2.2 Benefit analysis

Efficiency is the most important operating index of banks. Traditionally, banks record their income through accounting. Even now, the computer management system is only used to computerize the manual recording process, and it does not really solve the linkage relationship between assets and liabilities from the perspective of the system, and does not consider the impact of asset-liability structure on efficiency.

Therefore, benefit analysis is to quantitatively show the daily, monthly, quarterly and annual bank profits or losses to bank managers in the form of data by establishing mathematical models related to assets and liabilities, so that managers can know fairly well in the decision-making process and avoid decision-making mistakes.

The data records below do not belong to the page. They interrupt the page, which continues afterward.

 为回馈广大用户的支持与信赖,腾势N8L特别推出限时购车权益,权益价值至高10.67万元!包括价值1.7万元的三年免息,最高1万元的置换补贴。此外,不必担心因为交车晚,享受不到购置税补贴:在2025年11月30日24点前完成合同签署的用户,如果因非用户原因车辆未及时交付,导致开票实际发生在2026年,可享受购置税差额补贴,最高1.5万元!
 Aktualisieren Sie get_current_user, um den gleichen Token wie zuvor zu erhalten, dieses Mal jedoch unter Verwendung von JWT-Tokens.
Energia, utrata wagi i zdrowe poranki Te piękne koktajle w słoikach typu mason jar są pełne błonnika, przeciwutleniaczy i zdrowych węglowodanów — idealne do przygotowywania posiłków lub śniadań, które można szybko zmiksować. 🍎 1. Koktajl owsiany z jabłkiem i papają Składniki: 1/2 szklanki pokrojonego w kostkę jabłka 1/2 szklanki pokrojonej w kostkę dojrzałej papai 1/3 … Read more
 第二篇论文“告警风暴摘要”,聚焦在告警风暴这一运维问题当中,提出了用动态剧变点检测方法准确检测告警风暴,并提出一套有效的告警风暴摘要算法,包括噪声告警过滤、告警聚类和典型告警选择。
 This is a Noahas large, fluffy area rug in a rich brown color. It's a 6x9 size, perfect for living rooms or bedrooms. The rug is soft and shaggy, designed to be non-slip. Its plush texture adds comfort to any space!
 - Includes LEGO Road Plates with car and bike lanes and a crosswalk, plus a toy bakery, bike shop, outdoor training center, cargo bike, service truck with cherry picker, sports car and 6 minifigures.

Benefit analysis is to determine the present value of bank investment income, financing cost and profit through cash discount rate, reflecting the quantitative relationship between bank income, cost and profit and total assets, asset structure, total liabilities and debt structure.

2.3 liquidity analysis

The operators of commercial banks are concerned about liquidity, which is the ability to raise and use bank funds and realize assets quickly without loss. The quality of liquidity can prove to the market that banks are safe and have the ability to repay debts, which can avoid the losses caused by selling assets and reduce the risk premium that must be borne by purchasing funds.

Here, we use "asset weighted average maturity date" to represent the use of assets and "liability weighted average maturity date" to represent the use of liabilities, and then use the ratio of "asset weighted average maturity date" to "liability weighted average maturity date" to represent the flow relationship between assets and liabilities, which is defined as "asset-liability average flow ratio" and denoted by D, reflecting the symmetrical relationship between the investment period of assets and the repayment period of liabilities.

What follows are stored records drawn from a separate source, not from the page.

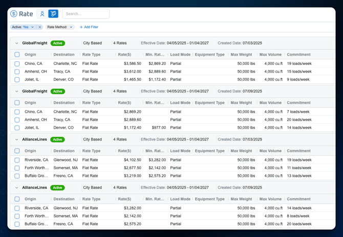 Rates are tied to specific origin and destination cities |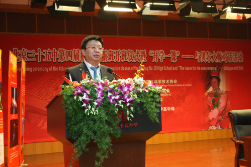 主持人科技班學(xué)生馬鵬恒、張睿林身穿禮服,分別用中英文宣布“第四屆科技班開班儀式暨‘開學(xué)一課’”開始。掌聲雷動(dòng)。英國(guó)牛津大學(xué)貝爾教授、國(guó)家天文臺(tái)張承民教授、我校朱建民校長(zhǎng)、中國(guó)科學(xué)院京區(qū)科協(xié)常務(wù)主席袁志寧、中國(guó)科學(xué)院京區(qū)科協(xié)季慧、中國(guó)科學(xué)院京區(qū)科協(xié)王虎紋、西城區(qū)教委副主任任飏、西城區(qū)教委中教科副科長(zhǎng)張潔、我??籽鄷?、黃鵬副校長(zhǎng)、李屆雄副校長(zhǎng)、王紅軍副校長(zhǎng)參加了此次會(huì)議。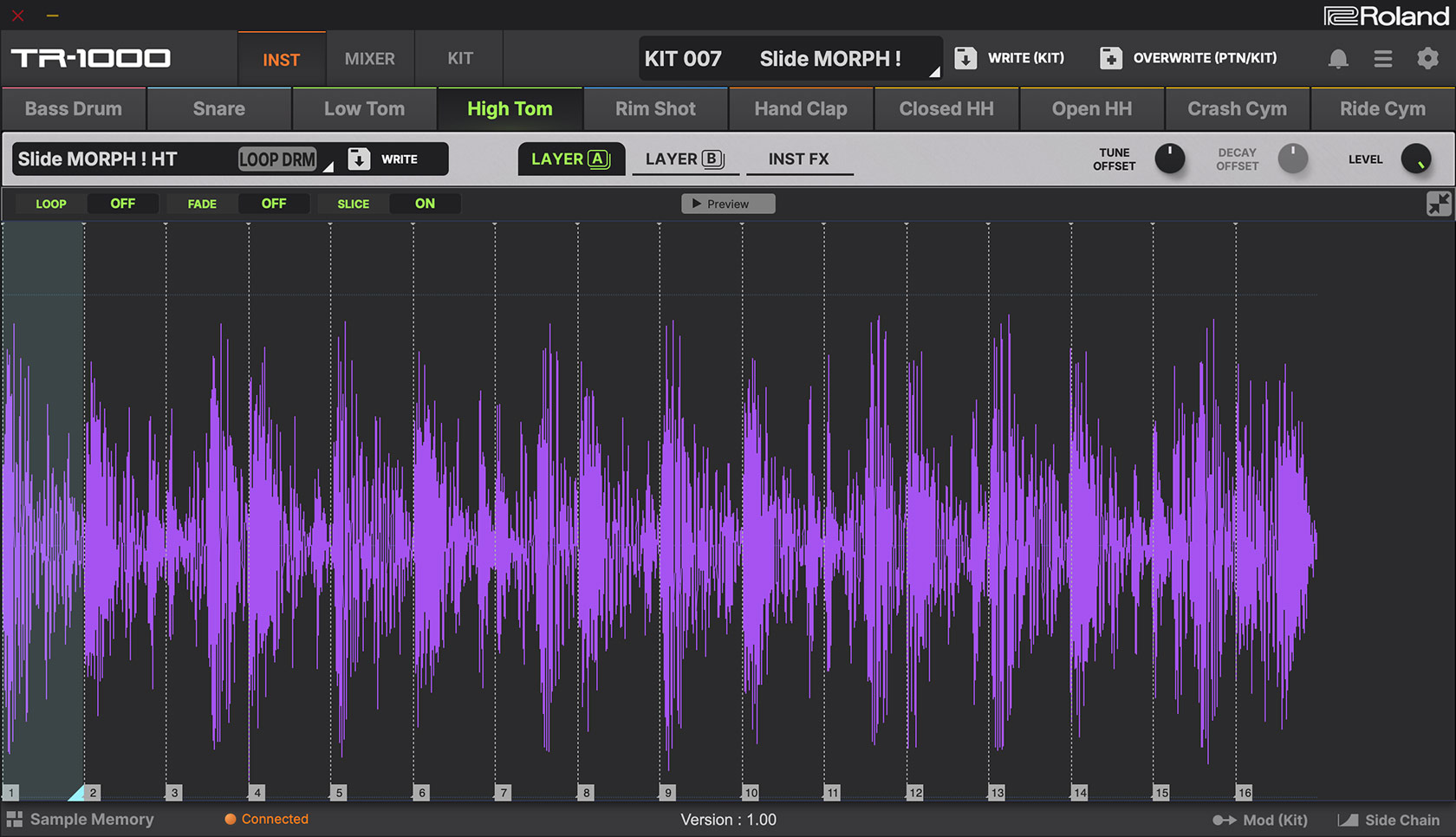 Die umfangreichen Sample-Werkzeuge fügen sich nahtlos in den TR-1000 Workflow ein, darunter Stereo-Sampling und Resampling, BPM Sync, Timestretching und nicht-destruktives Slice-Editing. Der interne 64 GB Speicher beinhaltet eine Sammlung an 2.000 ausgewählten Samples – die restlichen 46 GB stehen für eigene Aufnahmen, Bearbeitungen und Sample-Importe bereit.

D> 1 indicates that assets are underutilized, and banks can extend the service life of assets.

D< 1 indicates that the service life of assets exceeds the period of liabilities, and banks should reduce long-term assets or increase long-term liabilities.

D= 1 indicates that the investment period and the repayment period of liabilities are basically symmetrical.

2.4 security analysis

Security refers to how commercial banks avoid operational risks and ensure the safety of assets. The operational risks of commercial banks include many aspects. What is pointed out here is the dynamic speculative risk, which is closely related to the bank interest rate. When the interest rate changes, the bank may have a loss or a profit, and the result is difficult to estimate, but this risk can be avoided. By adjusting the structure of assets and liabilities, we can manage and control the interest rate risk of banks, so that bank managers can take the initiative in the face of interest rate risk.

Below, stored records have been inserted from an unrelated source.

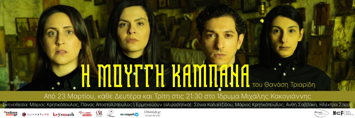 Μετά από δύο επιτυχημένες χρονιές στην Αθήνα και τις sold out παραστάσεις στην Πάτρα και τη Θεσσαλονίκη, όπου παρουσιάστηκε στο 59ο Φεστιβάλ Δημητρίων, η παράσταση «Η Μουγγή Καμπάνα» της Ομάδας Rodez, βασισμένη στη συγκλονιστική και τρομακτικά επίκαιρη νουβέλα του Θανάση Τριαρίδη, επιστρέφει για περιορισμένο αριθμό παραστάσεων στο Ίδρυμα Μιχάλης Κακογιάννης από 23 Μαρτίου και κάθε Δευτέρα και Τρίτη στις 21:30.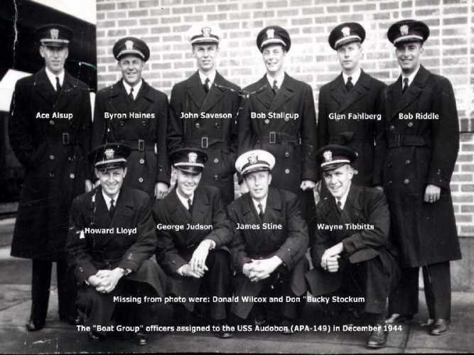 62k | USS Audubon (APA-149) Boat Group Officers, December 1944. Photo courtesy of the USS Audubon crew files. |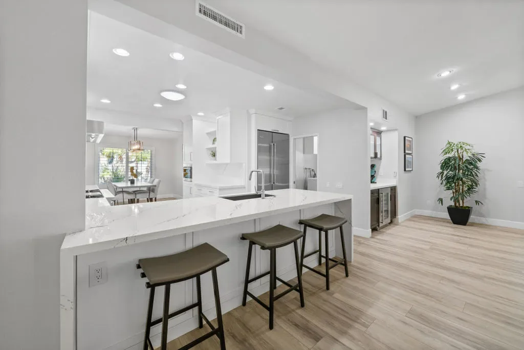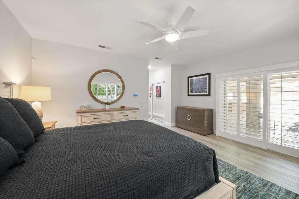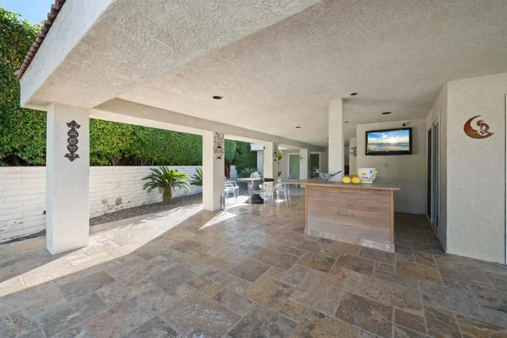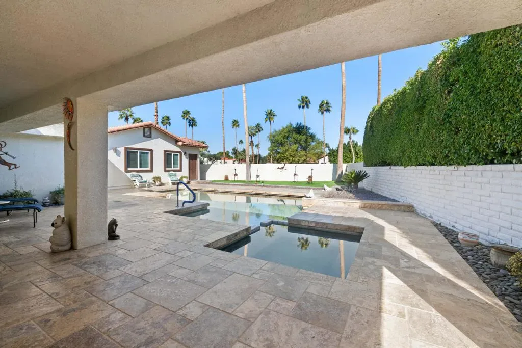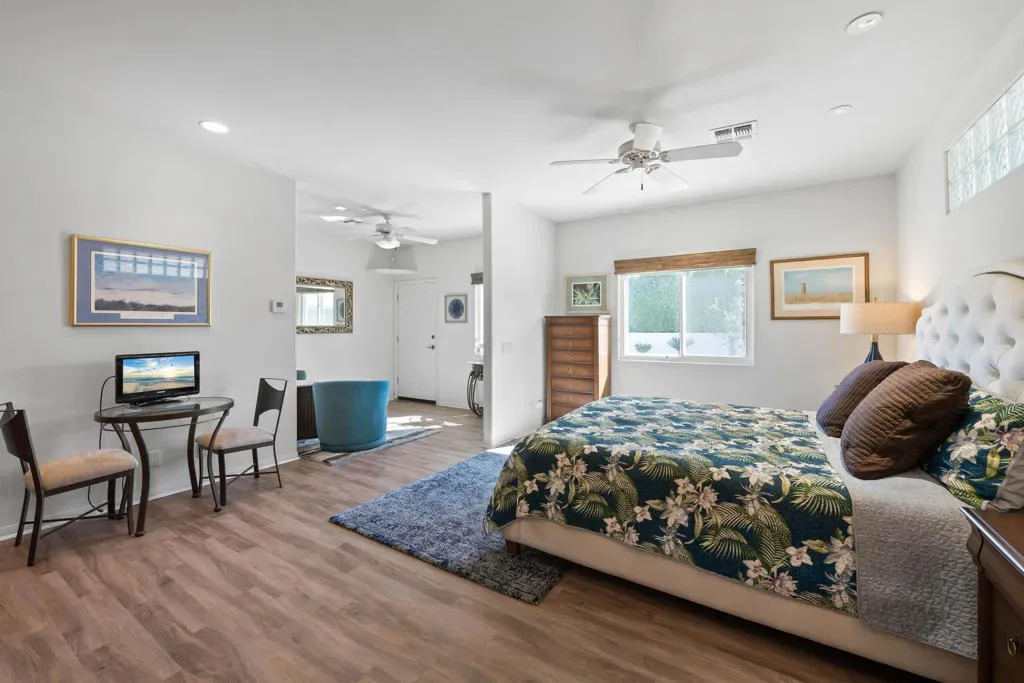 Relax, Refresh and enjoy blue skies and sunny days around the sparkling pool and spa. This Desert Jewel has been modernized combining luxury, quality and good design for maximum comfort. The living area, with vaulted ceiling, is an open floor plan for you, your family and guests to enjoy casual living and dining. You’ll LOVE the kitchen featuring a BlueStar 48” cooking range with double ovens, sleek custom cabinets, Quartz countertops and counter seating for easy entertaining. The adjacent Wet Bar has a wine cooler, sink and custom cabinets. Exquisite upgrades include Luxury Vinyl flooring, custom plantation shutters on energy efficient windows and sliding doors, California Closet storage with built-ins and 2 New HVAC [Jan 2026]. Multiple sliding glass doors offer easy access to enjoy the outdoors. The Primary bedroom offers privacy and a sumptuous Ensuite featuring unique Blue Bahia granite countertop, frameless glass walk-in shower and freestanding tub to capture a Spa-like experience. Two spacious guest bedrooms in the main house have been beautifully enhanced and share a sleek ensuite with custom finishes. The private, freestanding Casita offers almost 500 sq ft of comfort with the convenience of a kitchenette and sitting area that is perfect for family, guests or home office. Furnishings are available. A 3-car garage features epoxy flooring and Universal EV charger. Dine outdoors under a covered patio featuring a serving area with granite surface, a wall TV and lots of room for easy entertaining. Located within close proximity to the Clubhouse. The HOA includes 24 Hour Guard security, Cable TV and a Social Membership including dining, fitness, sport courts and social activities within the beautiful grounds and rich history of prestigious Avondale Country Club.

2.5 Asset-liability structure analysis

The efficiency, liquidity and security of the above analysis are only the evaluation of the current system, and we can understand the current operating state of the bank through the evaluation. If the state is good, what is the best? If the state is not good, where is it bad and how to improve it? This requires optimizing the asset-liability structure of commercial banks.

In order to achieve the three goals of efficiency, safety and liquidity optimization, an asset-liability structure optimization model can be established by reconfiguring its assets and liabilities. However, considering that efficiency, security and liquidity are three contradictory and conflicting objectives in bank operation, it is impossible and unrealistic to ensure that the three objectives are optimized at the same time. By establishing the mathematical model of multi-objective programming, the approximate optimal solution is found in the set of non-inferior solutions, and the optimal allocation scheme of assets and liabilities is given, which provides a reliable basis for the managers of commercial banks to make decisions.